Contractor Bob Kitts and homeowner Amanda Reece pose with money he found in a wall at her home in Ohio. "Because they were not able to sit down and divide it in a rational way, they both lost," said an attorney involved in the dispute.
Contractor Bob Kitts and homeowner Amanda Reece pose with money he found in a wall at her home in Ohio. "Because they were not able to sit down and divide it in a rational way, they both lost," said an attorney involved in the dispute. (Courtesy Of Bob Kitts Via Associated Press)
By Joe Milicia
Associated Press
Sunday, November 9, 2008

CLEVELAND -- A contractor who found $182,000 in Depression-era currency hidden in a bathroom wall has ended up with only a few thousand dollars, but he feels some vindication.

The windfall discovery amounted to little more than grief for contractor Bob Kitts, who couldn't agree on how to split the money with homeowner Amanda Reece.

It didn't help Reece much, either. She testified in a deposition that she was considering bankruptcy and that a bank recently foreclosed on one of her properties.

And 21 descendants of Patrick Dunne -- the wealthy businessman who stashed the money that was minted in a time of bank collapses and joblessness -- will each get a mere fraction of the find.

"If these two individuals had sat down and resolved their disputes and divided the money, the heirs would have had no knowledge of it," said attorney Gid Marcinkevicius, who represents the Dunne estate. "Because they were not able to sit down and divide it in a rational way, they both lost."
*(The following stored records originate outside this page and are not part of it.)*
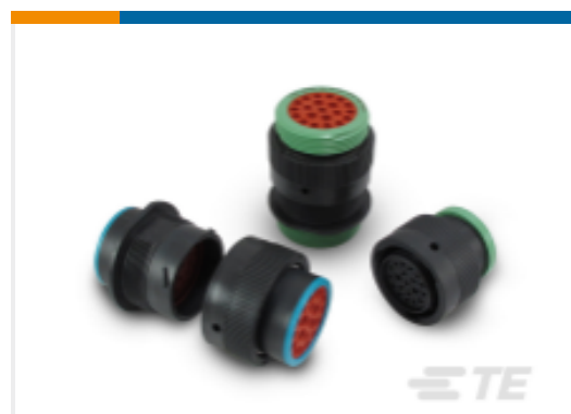
TE Part #HDP24-18-14SE-L017 DEUTSCH HDP20 HOUSINGS
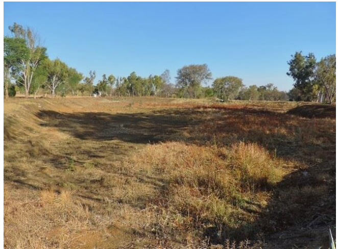
The main pond, now dry and devoid of the trees and Typha beds that previously provided a diverse habitat for a variety of waterbirds
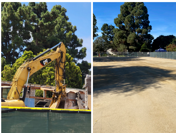
Buildings E & F during and after demolition.
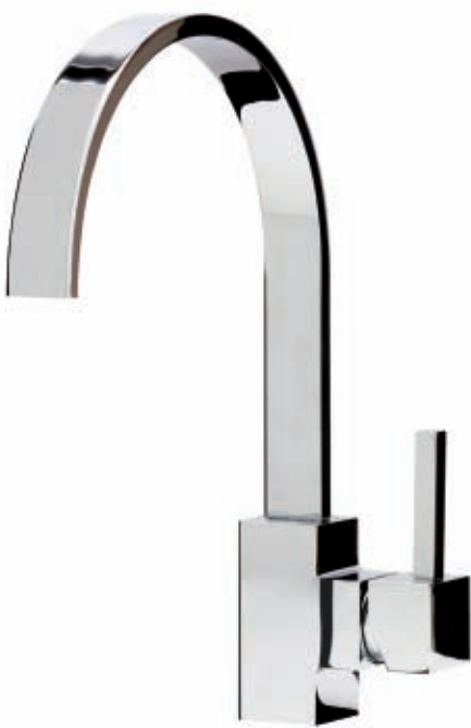
Delta – Single lever DEL/CH
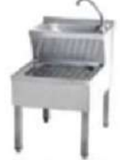
S/S MOP SINK
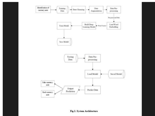
Fig.1: System Architecture
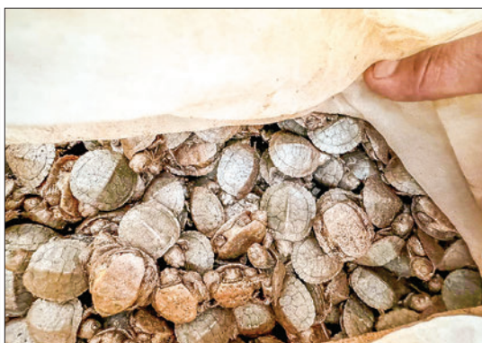
Confiscated illegal commodities and vehicles.
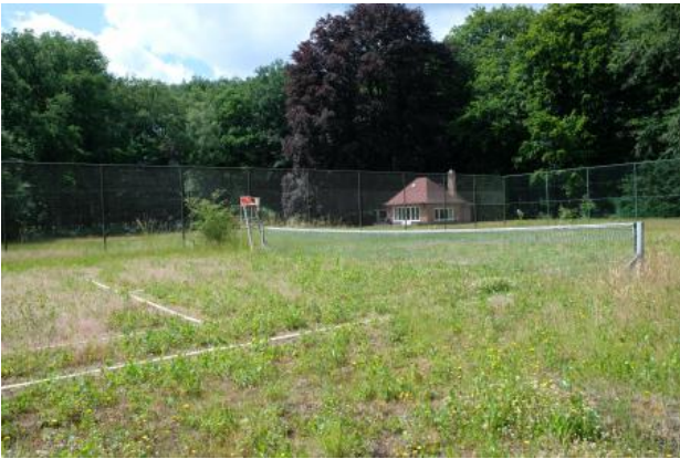
'Lawn Tennis' in the artshow Pioneers at former Royal Palace Soestdijk, 2022 reatauratie // nature conservation, tennis court
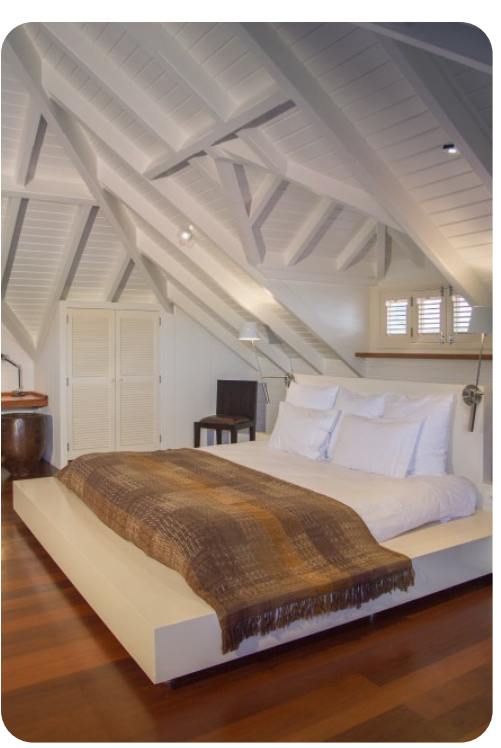
Villa Xanadu | Page 4 of 8
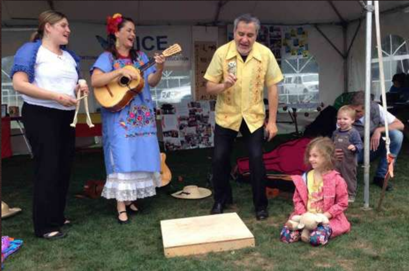
Newtown Cultural Arts Festival, September 2014
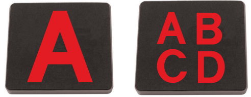
3 1/2" Single-Up
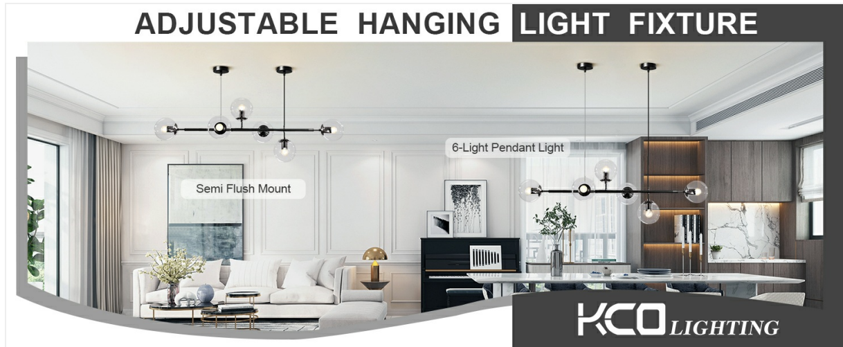
Figure 3.2: The adjustable hanging feature allows customization of the fixture's height to best suit your space.

Video 3.1: An official KCO Lighting video demonstrating the installation process for the 6-Light Globe Pendant Lamp. This video provides a visual guide to help with assembly and mounting.
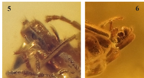
Figs 5–6. Terminal abdominal segments of Malthodes rovnoensis sp.n., holotype male: 5 — ventrally; 6 — laterally.

sucini Kuška et Kania, 2010: 55. Baltic amber. Late Eocene.
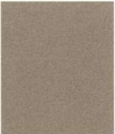
LIGHT FRENCH SILK METALLIC
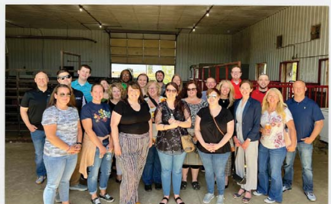
The class visited the Shelby High School FFA barn to learn about rural inclusion and career pathways for agriculture students.

Learn more about program days at facebook.com/LeadershipUnlimited .
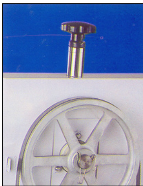
Blade Tension Regulator
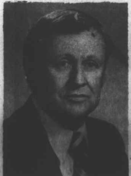
Rep. David Parnell

During the 1981 session of the Legislature, Parnell was Chairman of the House Base Budget Committee on
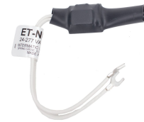
ET-NF RC Snubber Noise Filter 24-277 VAC for Electronic Controls
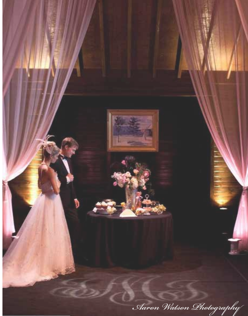
Aaron Watson Photography
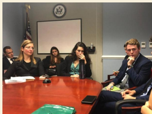
at US State Department (2019)
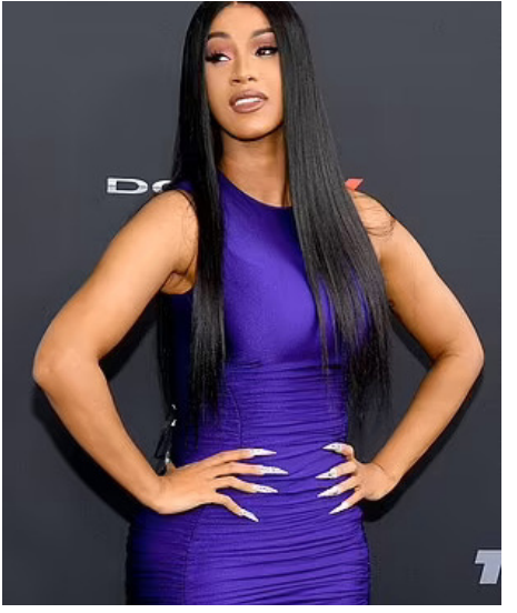
Cardi B rocking Saints purple.

1. Cardi B: This female rapper is a lyrical genius. Her sharp, snappy beats complement her perfectly designed lyrics at every turn. Cardi's messages touch the soul, and her passion for music continues to shine with every record she creates. The vibrant, soulful attitude expressed in her work comes from the heart, all while maintaining excellent flow. She will forever be known as the greatest rapper of all time.
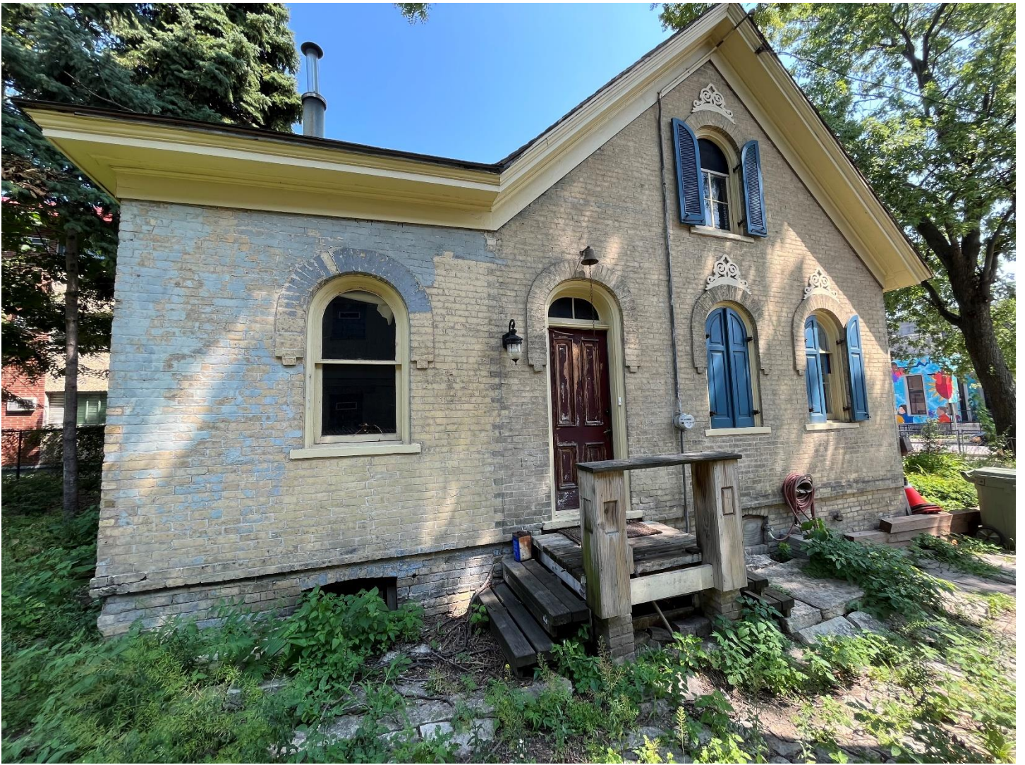
West Façade, 1901 addition evident on left
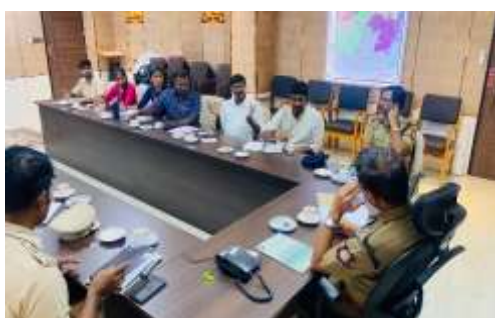
On 14 th July 2023, Project Orientation for the
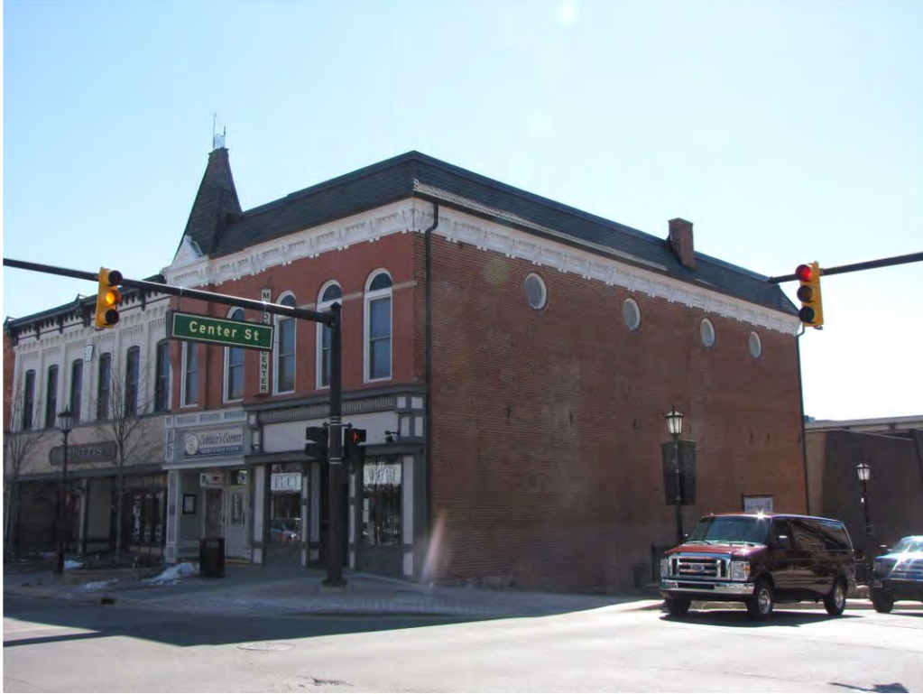
Main East 102-106 and Center South 113_Looking Southeast
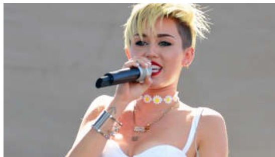
Miley Cyrus gave a performance that seems to prove that she's...uh, hmmm, well,...lost her mind!
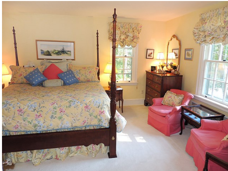
A wonderful sun-filled space.
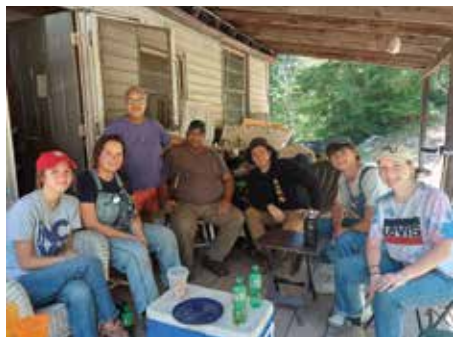
<Volunteers visit with a homeowner after repairing an unsafe floor.

While this crucial and life changing work is being done, relationships with these neighbors are being established, drawing the community closer. The congregation is proud to partner with Bethlehem Farm, which embodies our mission of unity and service to the dear neighbor . ●
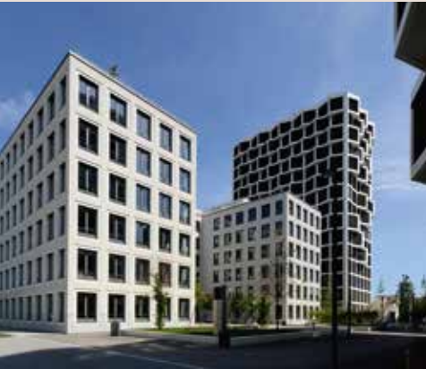
Vital Office @ Hirschgarten . Munich
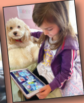
Our students stayed busy learning
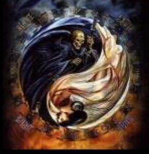
My name is Legion; because we are many
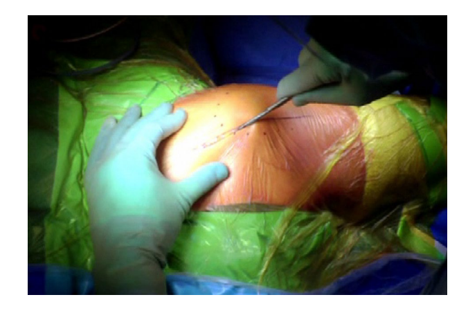
Fig. 1 A skin incision is made between the level of gluteus maximus insertion on the femur, along the posterior border of the greater trochanter, curving gently posteriorly in the region proximal to the tip of the greater trochanter

The patient is positioned in the lateral position with both hips in slight flexion and neutral rotation. A skin incision is made from the area where the tendon of gluteus maximus inserts on the femur, along the posterior border of the greater trochanter to reach the area proximal to its tip (Fig. 1). Dissection is made down to the fascia lata, which is incised
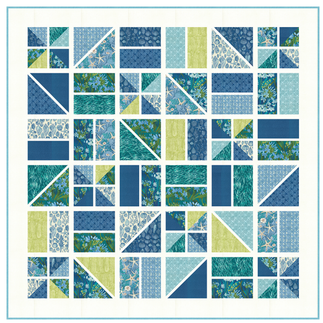
Cream Version Lap 64 1/2" x 64 1/2"
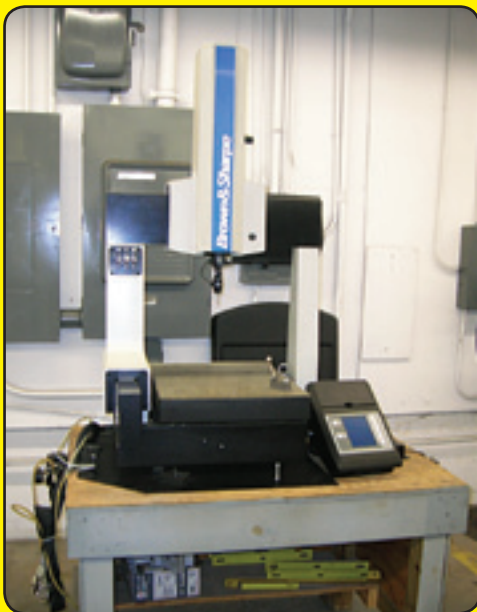
Brown & Sharpe Coordinate Measuring Machine
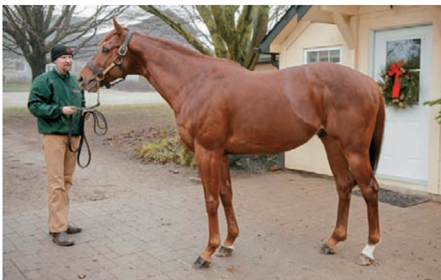
Seven-year-old Nephrite is a son of Pivotal
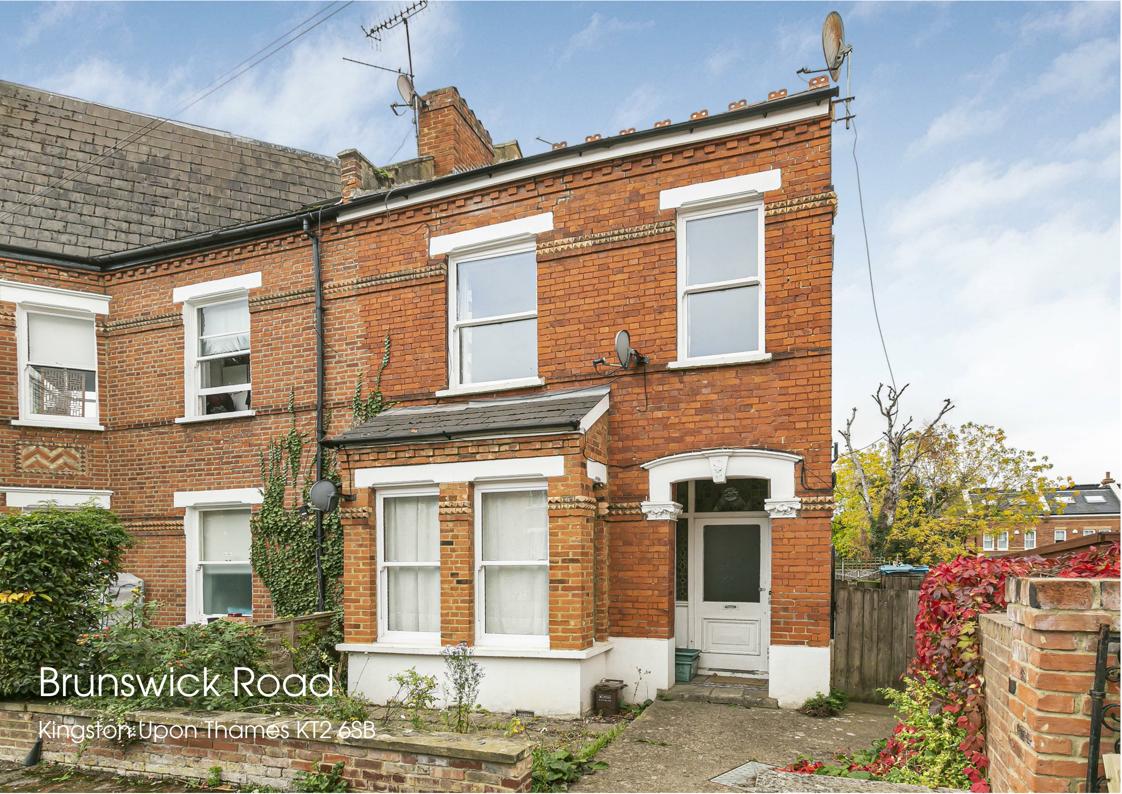
Brunswick Road Kingston Upon Thames KT2 6SB
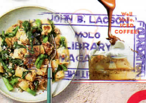
WEEKNIGHT DINNER in a Flash

Kitts was tearing the bathroom walls out of an 83-year-old house near Lake Erie in 2006 when he discovered two green metal lockboxes hanging from a wire behind a wall. Inside were white envelopes with the return address for "P. Dunne News Agency."

"I ripped the corner off of one," Kitts said during a deposition in a lawsuit filed by Dunne's estate. "I saw a 50 and got a little dizzy."

He called Reece, a former high school classmate who had hired him for the remodeling project.

They counted the cash and posed for photographs, both grinning like lottery jackpot winners.

But how to share? She offered 10 percent. He wanted 40 percent. From there things went sour.

A month after the Cleveland Plain Dealer reported on the case in December, Dunne's estate got involved, suing for the right to the money.

By then there was little left to claim.